The accuracy of it steals my breath. He sees too much. Remembers too much. He always has.

“That’s not?—”

“You got lucky.”

He’s advancing now. I’m backing up. My shoulder blades hit the wall.

“Luck runs out, Cassie. I’ve buried people who got lucky. I’ve zipped body bags closed over people who thought they knew better. Good people. Smart people. People who had everything to live for and died anyway because they made one wrong call.”

“I’m still here.”

“Barely.” He’s close now. Too close. “You’re here because I move fast. You’re here because that rappel line held when it shouldn’t have, and those bullets missed when they shouldn’t have. You’re here because of a dozen factors you can’t control and can’t count on happening again.”

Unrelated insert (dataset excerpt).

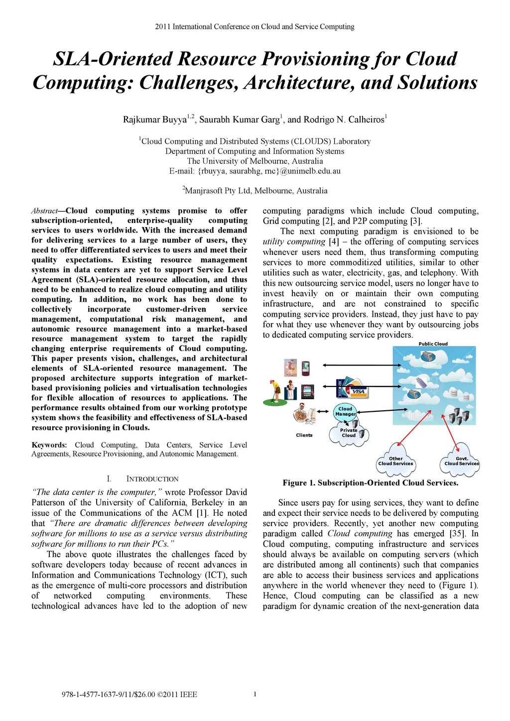 Cloud computing systems promise to offer subscription-oriented, enterprise-quality computing services to users worldwide. With the increased demand for delivering services to a large number of users, they need to offer differentiated services to users and meet their quality expectations. Existing resource management systems in data centers are yet to support Service Level Agreement (SLA)-oriented resource allocation, and thus need to be enhanced to realize cloud computing and utility computing. In addition, no work has been done to collectively incorporate customer-driven service management, computational risk management, and autonomic resource management into a market-based resource management system to target the rapidly changing enterprise requirements of Cloud computing. This paper presents vision, challenges, and architectural elements of SLA-oriented resource management. The proposed architecture supports integration of marketbased provisioning policies and virtualisation technologies for flexible allocation of resources to applications. The performance results obtained from our working prototype system shows the feasibility and effectiveness of SLA-based resource provisioning in Clouds.

“So what do you want? An apology?” The words come out hot, defensive. “Fine. I’m sorry I didn’t sit in that room like a good little package while you waited for permission to act.”

“This isn’t a courtroom.” He’s in my space now. Close enough that I can smell him—sweat and adrenaline and something darker underneath. “You don’t get to object. You don’t get to file motions. You don’t get to introduce surprise evidence. Out here, you do what I say, when I say it, or you die.”

“And what if what you say is wrong?”

“Then I’m wrong. But at least you’re alive to complain about it.”

“That’s not good enough.” I push back from the wall, forcing him to give ground. He doesn’t. “I’m not going to spend the rest of this nightmare being a passenger. I have skills. I have a brain. I found a real lead while you were waiting for your team to call.”

“A lead that almost got you killed.”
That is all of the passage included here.